Thursday, May 29, 2008

Why?

I've been arguing with God today.
Well, that's putting it mildly. I've been throwing a temper tantrum and it hasn't been pretty.
My entire attitude today has centered around that one word....."why".

Why me, why now, why is it so hard, why is everything always dirty, why can't I be healthy, why aren't my children better behaved, why can't I lose weight, why, why, why.

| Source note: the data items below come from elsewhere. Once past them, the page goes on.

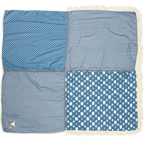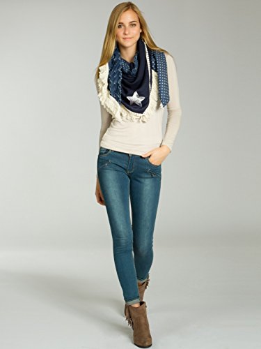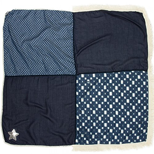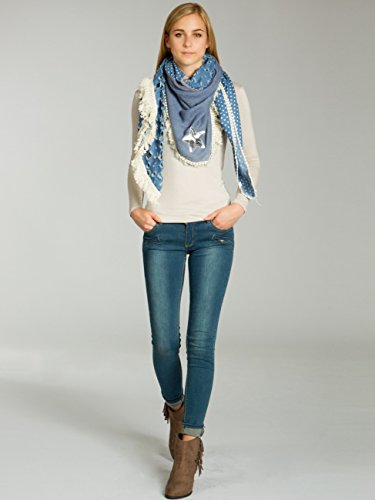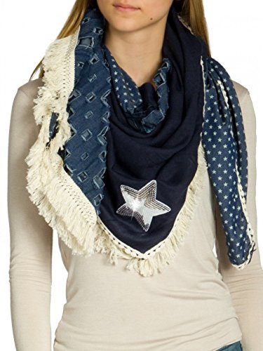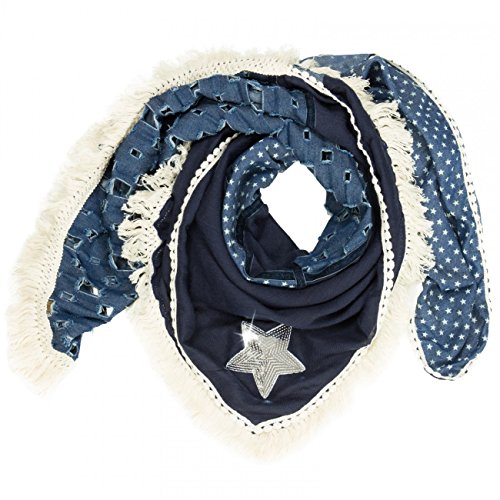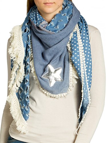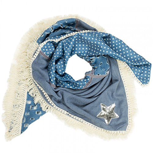 -. Feature : stylischer XXL Schal (quadratisch) für vielen Tragevarianten / kuschlig weiches Material mit hohem Tragekomfort / Länge ca. 130 cm, Breite ca. 115 cm / Jeans-Stoff mit Sterne Print / Destroyed Look; mit Glitzer Pailletten Stern und lässigen Fransen / © CASPAR Fashion Collection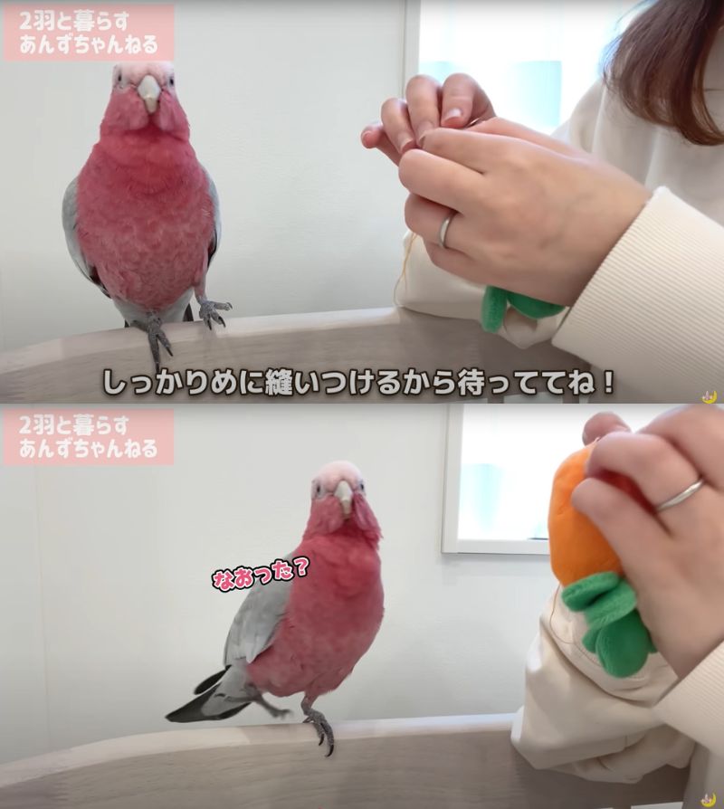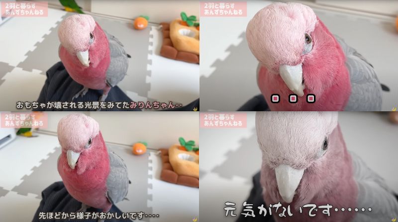 2. 【ショックを受けるインコ】茫然自失の姉インコ「なんで?なんであたしのお気に入りを破壊するの?(涙目)」
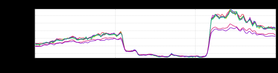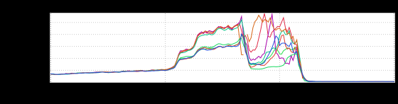 This is an inGraph of ProcessCPUTime, which according to the docs is “the CPU time used by the process on which the Java virtual machine is running in nanoseconds.” Leaving aside the bit where it gets all wibbly-wobbly (that would be the GCN) notice how those lines are nice and tight up until just after 07: 00, when they diverge. Another look at this phenomenon in a different fabric: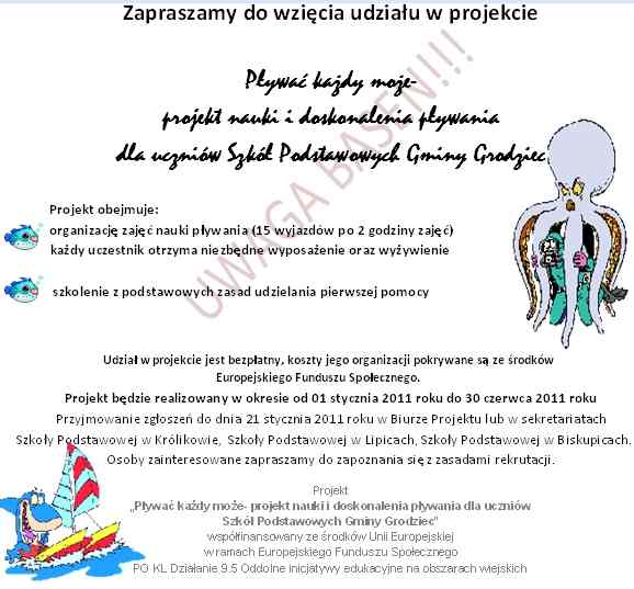 Pływać każdy może – to projekt nauki i doskonalenia pływania dla uczniów szkół podstawowych z terenu gminy Grodziec, który bezpłatnie realizowany jest dzięki środkom z Europejskiego Funduszu Społecznego do końca bieżącego roku szkolnego. Do piątku szkoły przyjmują zapisy dzieci, które chcą uczyć się pływać.Projekt obejmuje 15 wyjazdów na basen -za każdym razem zajęcia pływania trwać będą dwie godziny. Oprócz tego niezbędne wyposażenie młodego pływaka i wyżywienie. Dodatkowo każdy uczestnik kursu przejdzie szkolenie z zakresu udzielania pierwszej pomocy przedmedycznej, a to wszystko za darmo. Zgłoszenia przyjmowane są do 21 stycznia w sekretariatach szkół podstawowych w Królikowie, Lipicach i Biskupicach. Projekt skierowany do dzieci z terenu gminy Grodziec współfinansowany jest ze środków Europejskiego Funduszu Społecznego.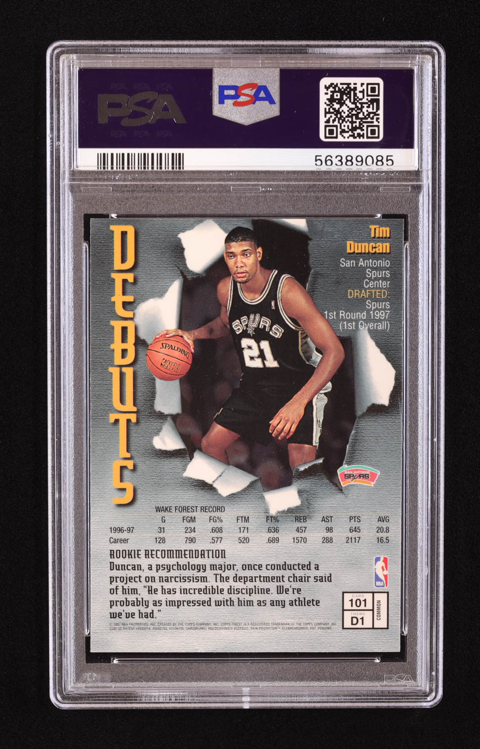 Tim Duncan 1997-98 Topps Finest #101 RC (PSA 10)

I've plopped myself down in front of the computer to escape my "blessings", I've glared at my neighbor, who is losing weight, with jealous eyes, I've griped at my husband because he doesn't "get it", I've yelled at my kids because they are having too much "fun" and bothering me and I have whined to God for giving me these heavy burdens.

And yet,
all day long,
He is there.

With every thought I hear Him whisper "Come to me all ye that are heavy laden".
With every scowl I hear the still small voice "My yoke is easy and my burden is light".
With every sigh I hear Him calling "Rejoice, and Give thanks."


As I was preparing for bed tonight I brought this day before Him.
"I don't understand, God. Why can't I seem to make any progress? I'm doing all of the right things but it still hurts, it's still a struggle. How much more do I have to die?"

"More" He responds.

"Why" I plead.

"Because I love you"

And then my blessed Saviour leads me ever so gently to do the one thing I find impossible.......nothing.

I have always been a doer. But now He is leading me to be a "dier". Dier to self.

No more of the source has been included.